§ **Supplied data**
☆ ☆ ☆

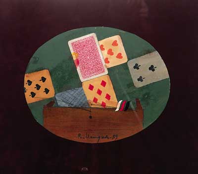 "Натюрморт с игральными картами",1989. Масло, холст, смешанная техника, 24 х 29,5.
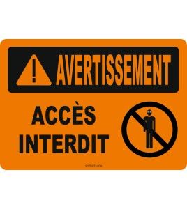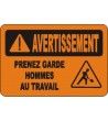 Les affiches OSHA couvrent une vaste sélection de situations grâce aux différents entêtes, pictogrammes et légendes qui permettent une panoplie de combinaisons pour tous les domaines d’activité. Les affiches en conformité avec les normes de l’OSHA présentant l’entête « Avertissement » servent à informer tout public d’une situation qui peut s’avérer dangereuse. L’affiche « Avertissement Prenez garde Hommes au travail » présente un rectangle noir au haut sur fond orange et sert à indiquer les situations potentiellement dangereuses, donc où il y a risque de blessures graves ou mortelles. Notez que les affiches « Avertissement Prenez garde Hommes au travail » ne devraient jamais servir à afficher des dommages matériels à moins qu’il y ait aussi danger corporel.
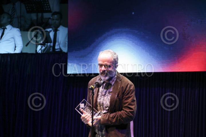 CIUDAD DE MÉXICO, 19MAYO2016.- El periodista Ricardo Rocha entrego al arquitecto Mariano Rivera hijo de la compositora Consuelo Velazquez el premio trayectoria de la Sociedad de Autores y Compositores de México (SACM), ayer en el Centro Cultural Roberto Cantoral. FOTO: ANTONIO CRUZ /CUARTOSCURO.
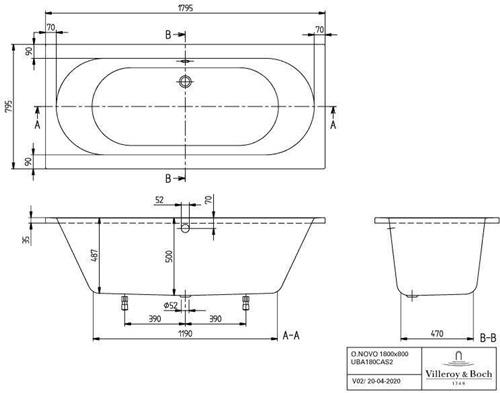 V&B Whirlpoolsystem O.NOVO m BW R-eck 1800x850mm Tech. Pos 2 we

☆ ☆ ☆

§ **What you should do**
The output must start at the line holding "Les affiches OSHA", end at the last line of the listing above, and show each line exactly; please omit all pictures.

§ **Solution to this exercise**
 Les affiches OSHA couvrent une vaste sélection de situations grâce aux différents entêtes, pictogrammes et légendes qui permettent une panoplie de combinaisons pour tous les domaines d’activité. Les affiches en conformité avec les normes de l’OSHA présentant l’entête « Avertissement » servent à informer tout public d’une situation qui peut s’avérer dangereuse. L’affiche « Avertissement Prenez garde Hommes au travail » présente un rectangle noir au haut sur fond orange et sert à indiquer les situations potentiellement dangereuses, donc où il y a risque de blessures graves ou mortelles. Notez que les affiches « Avertissement Prenez garde Hommes au travail » ne devraient jamais servir à afficher des dommages matériels à moins qu’il y ait aussi danger corporel.
 CIUDAD DE MÉXICO, 19MAYO2016.- El periodista Ricardo Rocha entrego al arquitecto Mariano Rivera hijo de la compositora Consuelo Velazquez el premio trayectoria de la Sociedad de Autores y Compositores de México (SACM), ayer en el Centro Cultural Roberto Cantoral. FOTO: ANTONIO CRUZ /CUARTOSCURO.
 V&B Whirlpoolsystem O.NOVO m BW R-eck 1800x850mm Tech. Pos 2 we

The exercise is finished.